- Location in Jo Daviess County
- Jo Daviess County's location in Illinois
- Coordinates: 42°24′52″N 90°09′48″W﻿ / ﻿42.41444°N 90.16333°W
- Country: United States
- State: Illinois
- County: Jo Daviess
- Established: November 2, 1852

Government
- • Supervisor: John Diehl

Area
- • Total: 36.87 sq mi (95.5 km^{2})
- • Land: 36.21 sq mi (93.8 km^{2})
- • Water: 0.66 sq mi (1.7 km^{2}) 1.78%
- Elevation: 732 ft (223 m)

Population (2020)
- • Total: 832
- • Density: 23.0/sq mi (8.87/km^{2})
- Time zone: UTC-6 (CST)
- • Summer (DST): UTC-5 (CDT)
- ZIP codes: 61001, 61028, 61075, 61085
- FIPS code: 17-085-75146

= Thompson Township, Illinois =

Thompson Township is one of 23 townships in Jo Daviess County, Illinois, United States. As of the 2020 census, its population was 832 and it contained 1,053 housing units.

==Geography==
According to the 2021 census gazetteer files, Thompson Township has a total area of 36.87 sqmi, of which 36.21 sqmi (or 98.22%) is land and 0.66 sqmi (or 1.78%) is water.

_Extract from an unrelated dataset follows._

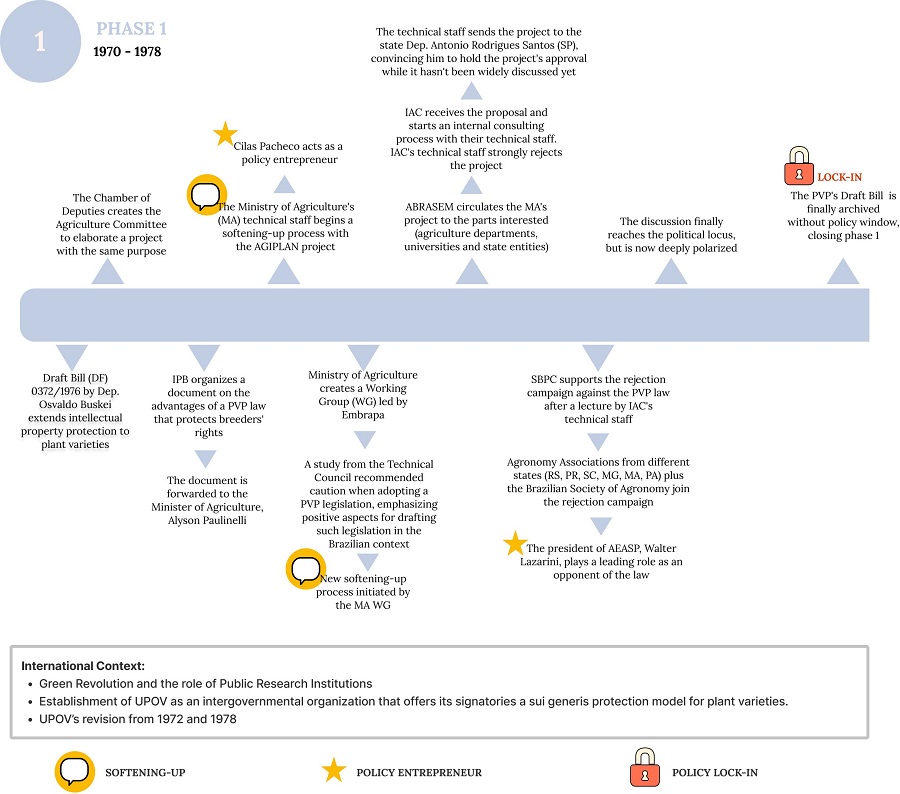 The analyses of the development of the Brazilian PVP Act usually focus on the political discussion carried out in the 1990s (ROCHA, 1997; CARVALHO; SALLES FILHO; PAULINO, 2009; ARAUJO, 2010; BOFF, 2019). However, studies such as the one by Velho (1995) demonstrate a political path that had already started decades before, in the 1970s. Velho (1995) argues that the political discussion that culminated in the development of the PVP Act had been a longstanding debate that can be divided into two phases: the 1st phase of controversy, which dated from 1970 to 1978, and the 2nd phase of controversy, which started in the 1980s and ended with the promulgation of the PVP law, which instituted the PVP Act, in 1997. From these phases it was possible to find lock-in conditions within the debates, and a learning process from the actors’ previous political choices.

===Cities, towns, villages===
- Unincorporated community of Apple Canyon Lake
- Unincorporated community of Schapville

===Cemeteries===
The township contains:
- Schapville Presbyterian Cemetery, within Schapville
- Thompson Cemetery, rural area south of Townsend Road, just east of where the Apple River crosses Townsend Road

===Airports and landing strips===
- Apple Canyon Lake Airport (historical)

==Demographics==
As of the 2020 census there were 832 people, 408 households, and 303 families residing in the township. The population density was 22.57 PD/sqmi. There were 1,053 housing units at an average density of 28.56 /sqmi. The racial makeup of the township was 97.00% White, 0.36% African American, 0.36% Native American, 0.00% Asian, 0.00% Pacific Islander, 0.12% from other races, and 2.16% from two or more races. Hispanic or Latino people of any race were 1.80% of the population.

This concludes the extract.